Ein guter letzter Reisetag. Das Wetter hat doch tatsächlich mit brilliantestem Sonnenschein durchgehalten bis zu meinem Tourende. Von den beiden Rosseln ging es nach Völklingen an der Saar. Kulturerbestadt. Ziemlich verkommenes Saarufer, an dem das Partyvolk seine Pizzaschachteln hinterlassen hat, massenhaft Glas und alles irgendwie klebrig wirkte, verspuckt und missachtet. Ein Wasserwart nahm Proben aus dem Fluss. Naja, trinken kann man es nicht, es wäre badbar, wenn nicht schon zu kalt und die Proben sind eigentlich wegen der Fische, sagte er. Im Hintergrund blecken die Türme des alten Stahlwerks, das nun Kulturort geworden ist.
Leichtes Spiel. Bis Homburg habe ich nur noch Flachland an Saar und Blies vor mir. Saarbrücken, die kleinste Großstadt der Welt des Saarlands ist opulent, was die Photogenität angeht. Hier könnte ich Tage verbringen und knipsen.
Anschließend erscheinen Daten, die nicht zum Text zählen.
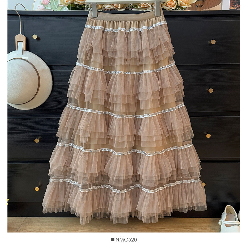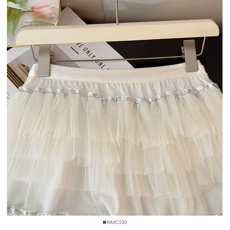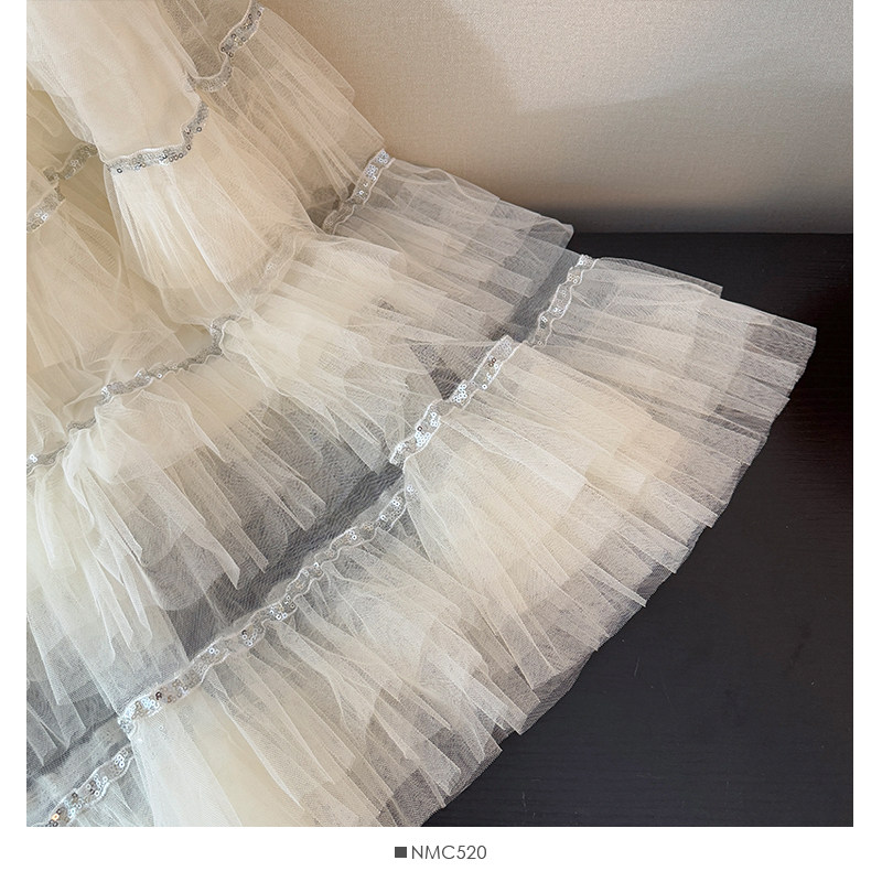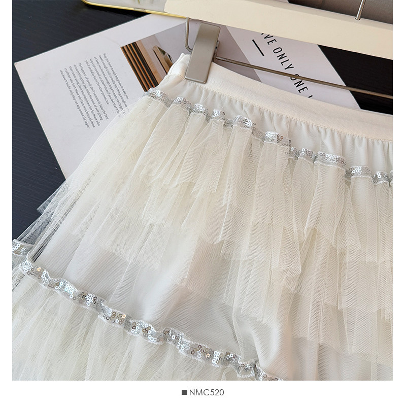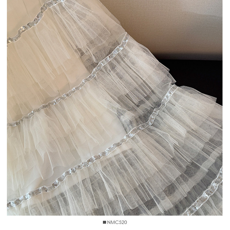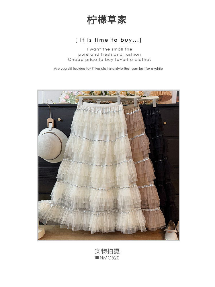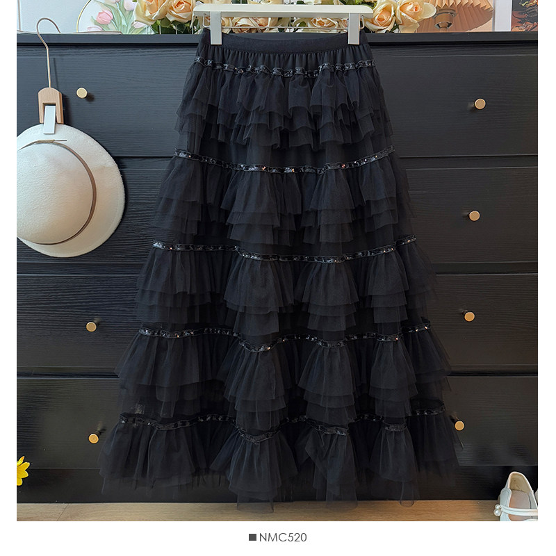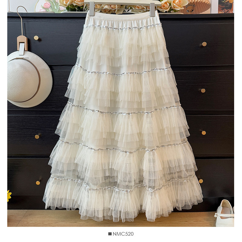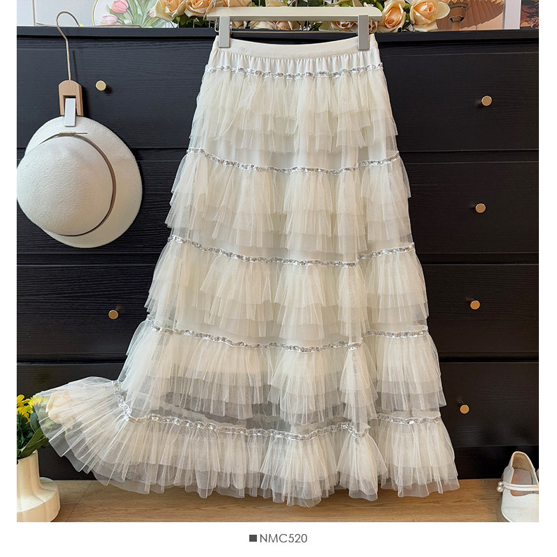 French Heavy Industry Sparkling Sequins Mesh Puffy Skirt Women's Autumn 2025 High Waist A-Line Loose Layer Cake Skirt
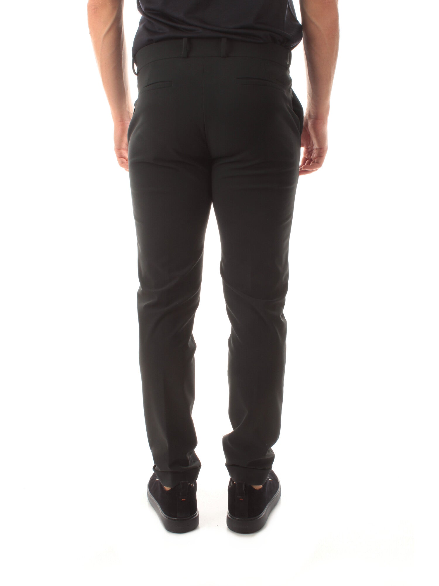 Pantalone dall'effetto super opaco dell'esclusivo tessuto stretch SURFLEX®, liscio e morbido al tatto. Le sue qualità antipiega e no stiro si aggiungono al comfort del fit regolare. Il modello presenta la cintura a passanti regolazione a doppio bottone in corno e la chiusura sul davanti a zip nascosta dalla pattina. Tasche laterali alla francese e il fondo risvoltato, con il logo a microiniezione nero a impreziosire le tasche posteriori a filetto. Altezza modello: 190 cm. Taglia indossata: 48. 79% pa 21% ea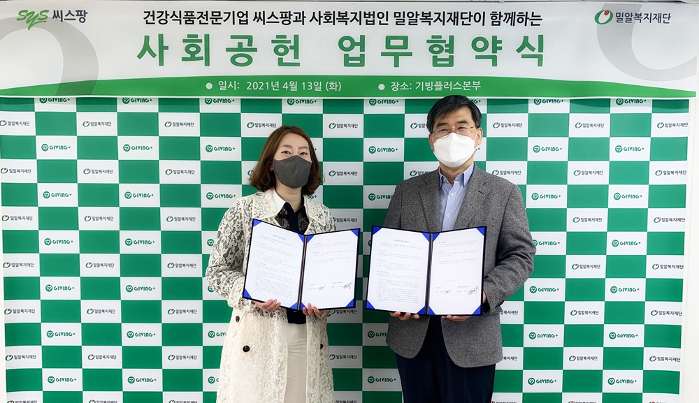밀알복지재단(이사장 홍정길)이 운영하는 기빙플러스는 ㈜씨스팡(대표 조정숙)과 13일(화) 소외이웃 자립과 건강증진을 위한 사회공헌 협약을 맺었다.

Eine hunderte Meter lange Wand mit Graffities etwa, die immer wieder neu und hochoffiziell bespielt wird, verrät mir eine Frau mit silbernem Haar. Ein bemerkenswertes Projekt. Die Kunst kann sich tatsächlich sehen lassen. Manche der Künstlerinnen und Künstler korrespondieren auch mit den natürlichen Gegebenheiten neben der Mauer, mit Laternen, Pegelmarken und dem was da wächst. Es hat durchaus seinen Reiz. Die Frau mit dem silbernen Haar, die auch per Fahrrad unterwegs ist, begegnet mir immer wieder und das letzte Stück bis Sarreguemines radeln wir gemeinsam. Da packt sie aus, dass sie einmal alle Brücken an der Saar in der Gegend fotografiert hat. Aus verschiedenen Blickwinkeln bei verschiedenen Lichtverhältnissen und sie weist mir den Weg schließlich bei der Schleuse in Sarreguemines, da über die Brücke, dann links und vorbei am Sportplatz und immer weiter, schöne Strecke und ich sage, ich tu immer das, was die Radwegschilder mir sagen und sie lächelt und fährt weiter ihres Weges zu einem regionalen Markt vorm Casino der Stadt und in der Tat ist viel passiert, seit ich vor gut zehn Jahren diesen Weg schon einmal radelte und der Blies folgte. Damals war er nicht sehr schön, verlief auf der Landstraße. Schwitz, keuch und irgendwie steil, so erinnere ich mich, doch das hat sich geändert.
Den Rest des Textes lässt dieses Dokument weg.